[Start of Attachment]

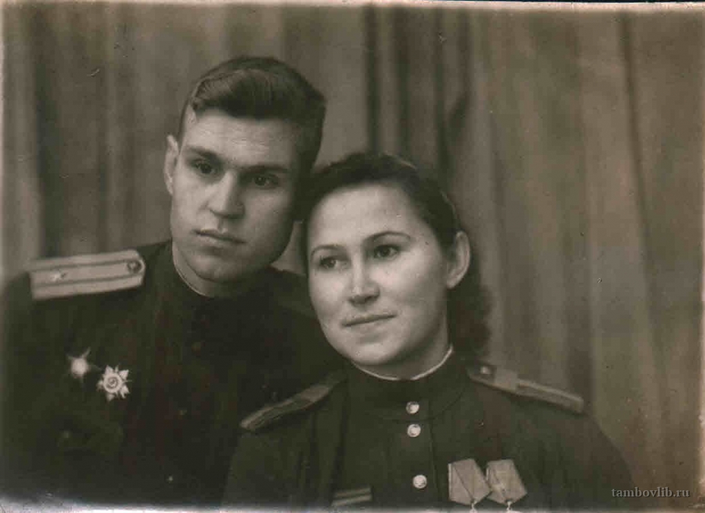 Родился 21 июня 1921 г. в г. Татарске Новосибирской области. Закончил 8 классов средней школы, после школы работал начальником почтового вагона. В 1939 г. поступил в Омское военное училище и призван на фронт Омским горвоенкоматом в звании лейтенанта. С сентября 1941 г. участвует в боевых действиях на Брянском фронте. С 26 июля 1942 г. работает в должности помощника начальника 1-го отделения штаба 211 стрелковой Черниговской дивизии в звании капитана. Несколько раз был ранен. Закончил войну в звании майора. После войны продолжал службу в г. Стрый Дрогобычской области УССР. Награжден орденами «Красной звезды», «Отечественной войны I степени», «Отечественной войны II степени», медалью «За отвагу» и юбилейными медалями. Умер 5 июня 1976 г. На фото с женой Земцовой Ниной Павловной.Добавлена 24 Сентября 2015
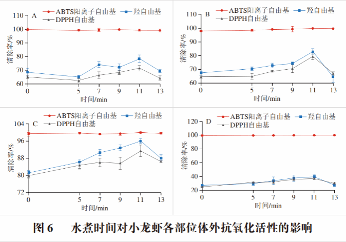 由图5、6可知,小龙虾不同部位虾青素提取物对自由基的清除能力存在差异。各部位对ABTS阳离子自由基都具有较高的清除能力。这是由于存在其他类胡萝卜素的影响,对ABTS阳离子自由基几乎可实现完全清除的效果。张旭飞等在研究凡纳滨对虾水煮加热过程中虾青素与体外抗氧化活性的相关性中发现,随着加热时间的延长,凡纳滨对虾中的虾青素几乎也可以达到对ABTS阳离子自由基完全清除的效果,与本研究结果相似。在不同热加工时间下,DPPH自由基和羟自由基清除率整体呈现先上升后下降的规律。有研究表明,热加工会促使反式虾青素向顺式虾青素转化,且顺式虾青素比反式虾青素具有更高的抗氧化活性。
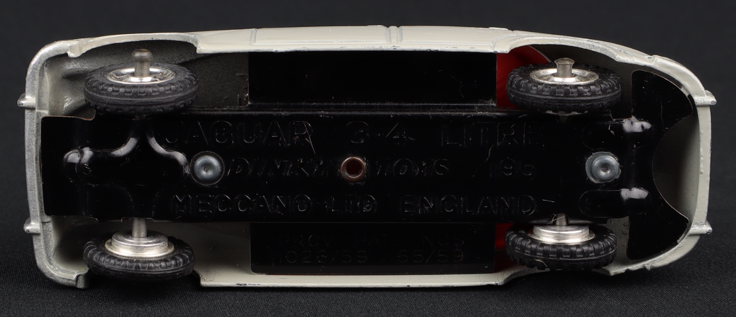 Jaguar 3.4 Saloon by Dinky Toys, No. 195. Pale grey issue with red interior, spun wheels. Very near mint/boxed. From The Eccles Collection.

[End of Attachment]

**Activity**
Each line from the top of the material through the line containing "由图5、6可知,小龙虾不同部" should be reproduced exactly; please drop any images.

**Problem solution**
 Родился 21 июня 1921 г. в г. Татарске Новосибирской области. Закончил 8 классов средней школы, после школы работал начальником почтового вагона. В 1939 г. поступил в Омское военное училище и призван на фронт Омским горвоенкоматом в звании лейтенанта. С сентября 1941 г. участвует в боевых действиях на Брянском фронте. С 26 июля 1942 г. работает в должности помощника начальника 1-го отделения штаба 211 стрелковой Черниговской дивизии в звании капитана. Несколько раз был ранен. Закончил войну в звании майора. После войны продолжал службу в г. Стрый Дрогобычской области УССР. Награжден орденами «Красной звезды», «Отечественной войны I степени», «Отечественной войны II степени», медалью «За отвагу» и юбилейными медалями. Умер 5 июня 1976 г. На фото с женой Земцовой Ниной Павловной.Добавлена 24 Сентября 2015
 由图5、6可知,小龙虾不同部位虾青素提取物对自由基的清除能力存在差异。各部位对ABTS阳离子自由基都具有较高的清除能力。这是由于存在其他类胡萝卜素的影响,对ABTS阳离子自由基几乎可实现完全清除的效果。张旭飞等在研究凡纳滨对虾水煮加热过程中虾青素与体外抗氧化活性的相关性中发现,随着加热时间的延长,凡纳滨对虾中的虾青素几乎也可以达到对ABTS阳离子自由基完全清除的效果,与本研究结果相似。在不同热加工时间下,DPPH自由基和羟自由基清除率整体呈现先上升后下降的规律。有研究表明,热加工会促使反式虾青素向顺式虾青素转化,且顺式虾青素比反式虾青素具有更高的抗氧化活性。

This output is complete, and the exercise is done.